Republican Attorney General Says Tennessee Abortion Ban is ‘Constitutionally Suspect’
A new Tennessee abortion ban bill prohibits abortion after 20 weeks. The bill, sponsored by Republican legislators, was roundly criticized by women’s rights groups. In testimony about the bill, one woman cried and called the bill “cruel.” Now, opponents of the bill are getting support from an unlikely source. Tennessee’s Republican attorney general, Herbert H. Slattery, III, has called the bill “constitutionally suspect.”
Tennessee Abortion Ban: An Unconstitutional Abortion Bill?
The bill would prohibit abortion clinics in Tennessee from performing abortions past 20 weeks, unless a doctor asserted that the procedure was necessary to save the life of the mother. The bill provides no exception for rape, incest, or severe fetal defects. Some of the most serious birth defects can only be detected in the second trimester. That includes some diseases that are inevitably fatal. Thus the bill could force women to carry fetuses doomed to die.

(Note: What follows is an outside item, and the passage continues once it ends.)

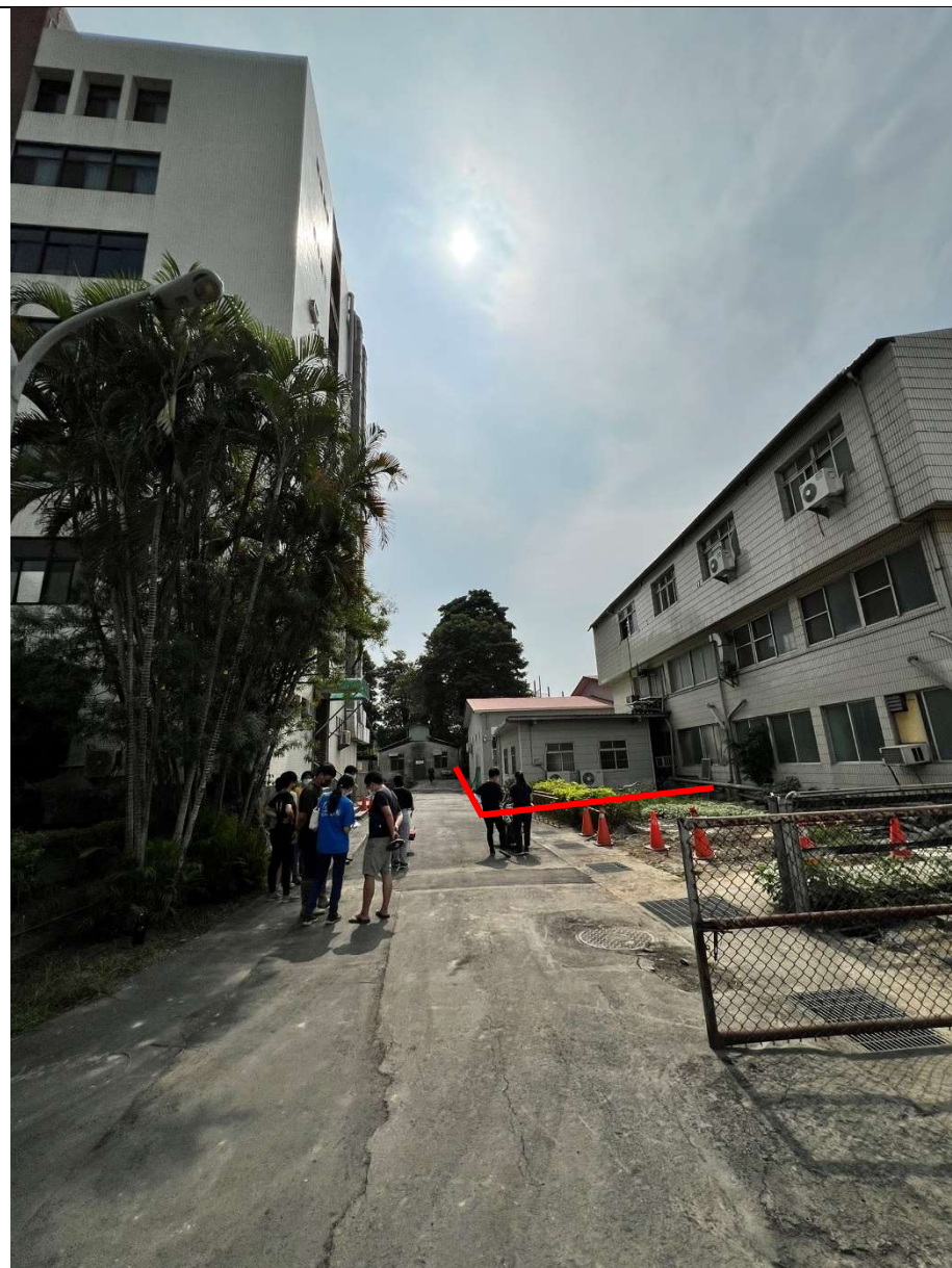
【校區污水下水道(含建物接管)及弱電共同管路建置工程施工範圍及位置圖】

Slattery argues that two pieces of the legislation may be illegal. The 9th Circuit Court of Appeals previously blocked a similar ban in Arizona. A second provision, which requires abortions after three months to take place in a hospital, may also be illegal. Hospital mandates are an increasingly popular far-right tool. Abortion is a relatively simple and safe procedure, and similar procedures can safely be performed in outpatient settings. Previous research argues that reduced abortion regulations could save thousands of women’s lives.
20-Week Abortion Bans: A New Trend
Tennessee’s abortion ban is part of a larger trend. Several states have enacted similar bands. Just this week, the Iowa legislature voted to ban abortion after 20 weeks. This makes it the 18th state to do so. Iowa, like many other states with abortion bans, will also require a 3-day waiting period for women seeking abortions. This drives up the cost of the procedure by requiring at least two medical visits.
What’s Behind the New Abortion Ban Trend?
Roe vs. Wade is settled law. Even Republican Supreme Court nominees recognize this. So why do so many legislatures seem determined to ban abortion?
It doesn’t matter if the bans are unconstitutional right now. Anti-choice activists finally have a real shot at the repeal of Roe. If Neil Gorsuch gets a seat on the Supreme Court, the law may change. State laws about abortion set up a Constitutional show down, and that’s exactly the point. If any of these laws give rise to a lawsuit, they could head to the Supreme Court. Even if Roe remains the law, new precedent could weaken choice rights, and perhaps even eliminate them altogether. The strategy is a deliberate one. And liberal attempts to enforce abortion rights by suing could ultimately backfire if those suits head to an unfriendly court.